LifestylePREMIUM

Connecting nature, spirituality and a certain degree of uncertainty

Long before the dance explosion, where the entire world and their grandmother are adept at the latest dance craze, there was a poster at Wits University offering a dance class for amateurs at the Braamfontein recreation centre.

Vincent Mantseo says he ultimately feels that dance connects him to his ancestors.
Vincent Mantseo says he ultimately feels that dance connects him to his ancestors. (Kabelo Mokoena)

Long before the dance explosion, where the entire world and their grandmother are adept at the latest dance craze, there was a poster at Wits University offering a dance class for amateurs at the Braamfontein recreation centre.

At that stage, I was an amateur at almost everything and I loved to dance, so I signed up. For a girl who had three points of reference — ballet, Greek traditional dancing and the club — the class was a revelation.

The dance teacher’s fluid grace, sheer athleticism and remarkable ability to communicate entire worlds of meaning through the subtlest of physical movements was riveting. It also felt entirely South African. For a moment, I believed this mobile poetry was something I too could unlock in my own, all-too-human body.

I returned week after week for the magic, until one tragic day the wonderful Vincent Sekwati Mantsoe was spirited away to the great stages of the world. His career had exploded and this sweet Braamfontein community endeavour had to fall away for me.

I don’t imagine he remembers those classes, but when I discover that he is in Johannesburg for a special performance of his solo project Desert Poems at UJ as part of their 20-year anniversary celebrations, I leap at the chance to discover him again.

I confess that much as I wanted to offer Vincent lunch, I failed. Between his whirlwind visit, the rehearsals for the performances on March 11 and 12, and my own schedule, we squeeze in an interview without the customary sustenance. Besides, what I really desire is not to break bread with him but the chance to participate in his masterclass at the Vuyani Dance Theatre, the company founded by that other great light of South African contemporary dance, Gregory Maqoma.

It’s obviously an impossible dream, given he abandoned me and my classmates at the beginning of our dance careers, and has been sharing his vast talent — both as a dancer and choreographer — at universities and dance companies around the world. He also owns Association Company Noa, formed in 2005 in Paris, where he lives these days. 

Vincent and Gregory grew up together in Soweto. As luck would have it, the football- playing school friends saw a version of the same poster that piqued my interest. Sylvia Glasser’s company, Moving into Dance Mophatong, was offering classes to the Soweto youth. The decision to join up radically altered their lives.

“At that time, things were different,” Vincent says. “My father could not imagine his son dancing. There were only two paths for young boys then — football or medicine.” 

I believe a guiding force has led me to this point, preceding 'Desert Poems' and other solo pieces

In the event, there was a third path, which led to a scholarship with Sylvia Glasser as his lifelong mentor — and a globally fêted and celebrated career.

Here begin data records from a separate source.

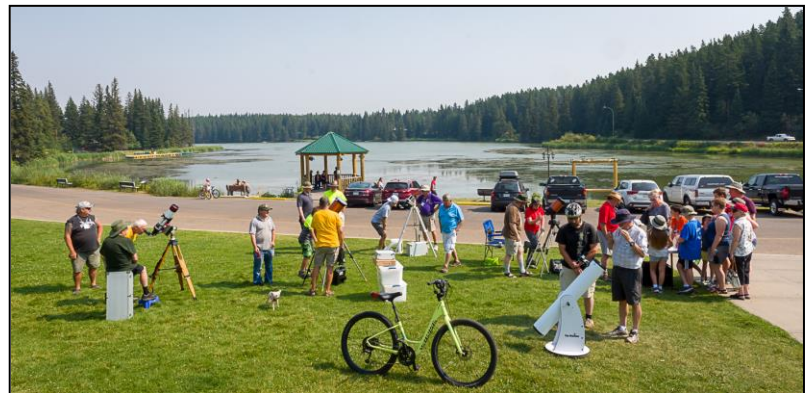
[Left] Solar Observing at Loch Leven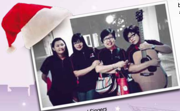
FSCAM Staff Carol Singers

For more information on Care Corner FSC (Admiralty), please Tel: 6365 8751 or email: am.fsc@carecorner.org.sg .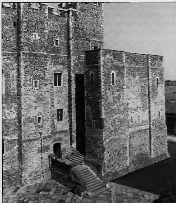
Fig. 2. The entrance to Maurice the Engineer's great keep at Dover Castle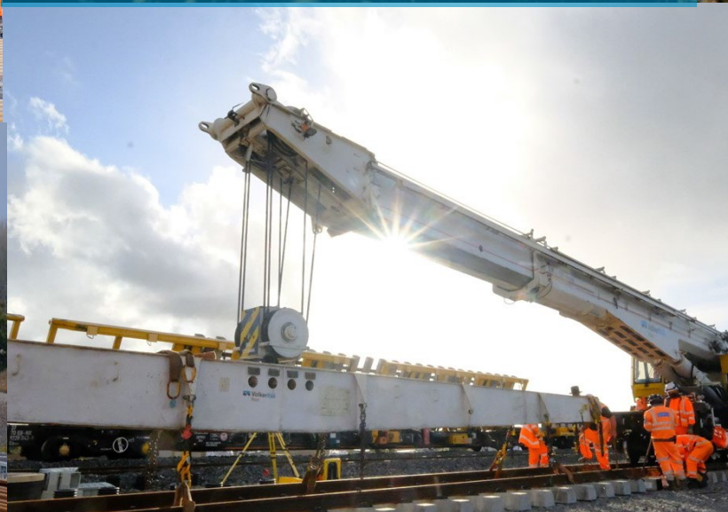
Kirow Crane in Calvert (HS2) Area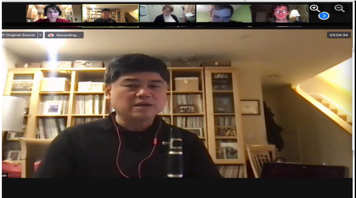
Everything was online during 2020-21, from lessons to masterclasses and more.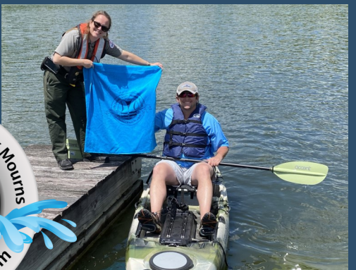
Nolin River Lake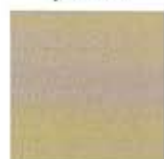
GOLD METALLIC pms 873

WASHING INSTRUCTIONS: Machine Wash 160°F - Use synthetic detergents. Do not use soap, bleach or softeners which might adversely affect the flames retardant qualities of the fabric. TUMBLE DRY 140°F - Remove immediately. 100% POLYESTER - Excessive heat, loading and leaving too long in extractor or dryer will detract from permanent press characteristics of all polyester fabrics. IRONING - If above instructions are followed, no ironing required. If necessary, light touch up with hand iron at 250°F setting, DO NOT MANGLE.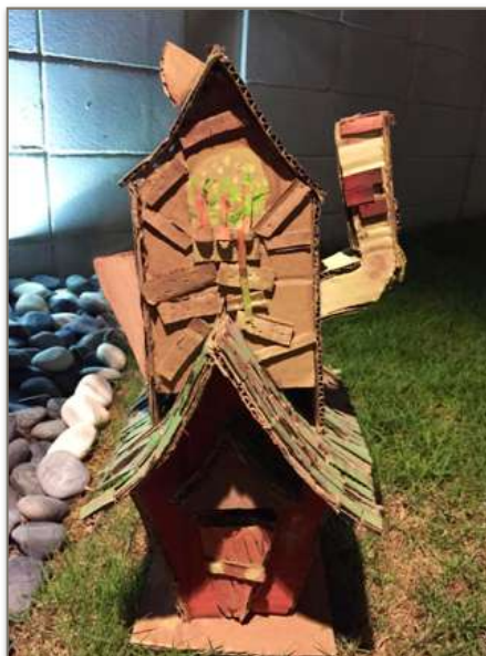
House model construction and design by Carol Lim, Standard 6

“I dropped out of matric and followed my passion for dance. When we started, we did not know anything about contemporary dance, but I had grown up in a home of sangomas.”

It was this essential connection to his own culture and spiritual traditions that forged his approach to dance. His mother, grandmother and two aunts were sangomas and he grew up watching and participating in the ritual drumming and dancing aspects of their work.

We discuss the almost magical power of dance to communicate deep and essential truths that transcend language. Vincent’s rootedness in his culture — the influences of Sepedi, Sesotho, isiNdebele and isiXhosa cultural practice — undergirds and inspires his work, while building on the framework of contemporary dance practices from across the planet.

But it is the ability of dance to connect us to a higher realm and to nature through this universal language that is most evident in the themes he explores through his work. 

The choreography of Desert Poems, with additional music by the Dizu Plaatjies Ibuyanmo Ensemble, channels the “austere allure and enigmatic tranquillity of an environment characterised by extremes”.

Vincent Mantseo is a choerographer and teaches dance.
Vincent Mantseo is a choerographer and teaches dance. (Kabelo Mokoena)

Vincent explains that he is drawn to the desert as a metaphor, and tries to express the extremes in the environment — the elements of sun, wind, empty space, the vast silence of night and the “remarkable tenacity of life”.

“These poems resonate with themes of resilience, adaptation and the indomitable spirit of survival amid formidable challenges. It’s harsh but beautiful and speaks to this moment in time.

“I ... find myself exploring uncharted territory. I believe a guiding force has led me to this point, preceding Desert Poems and other solo pieces, which uniquely connects nature, spirituality and a certain degree of uncertainty.”

Ultimately he feels that dance connects him to his ancestors.

“The unseen forces that guide my spiritual journey — without them this work would not have been possible.”